If we assume that all the second-order partials of ${\displaystyle f}$ are continuous functions everywhere, then the following happens:

• The Hessian matrix of ${\displaystyle f}$ at any point is a symmetric matrix, i.e., its ${\displaystyle (ij)^{th}}$ entry equals its ${\displaystyle (ji)^{th}}$ entry. This follows from Clairaut's theorem on equality of mixed partials.

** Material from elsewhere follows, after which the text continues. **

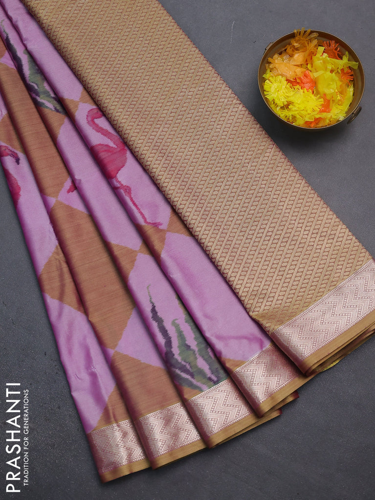 Bangalori semi silk saree mild lavender with allover elephant butta ikat weaves and zari woven border
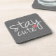 Sweet and fun typography design featuring cursive text in grey and a cute little red heart. Customise this coaster set with the background colour of your choice.

• We can think of the Hessian matrix as the second derivative of the function, i.e., it is a matrix describing the second derivative.
• ${\displaystyle f}$ is twice differentiable as a function. Hence, the Hessian matrix of ${\displaystyle f}$ is the same as the Jacobian matrix of the gradient vector ${\displaystyle \nabla f}$, where the latter is viewed as a vector-valued function.

Note that the final conclusion actually only requires the existence of the gradient vector, hence it holds even if the second-order partials are not continuous.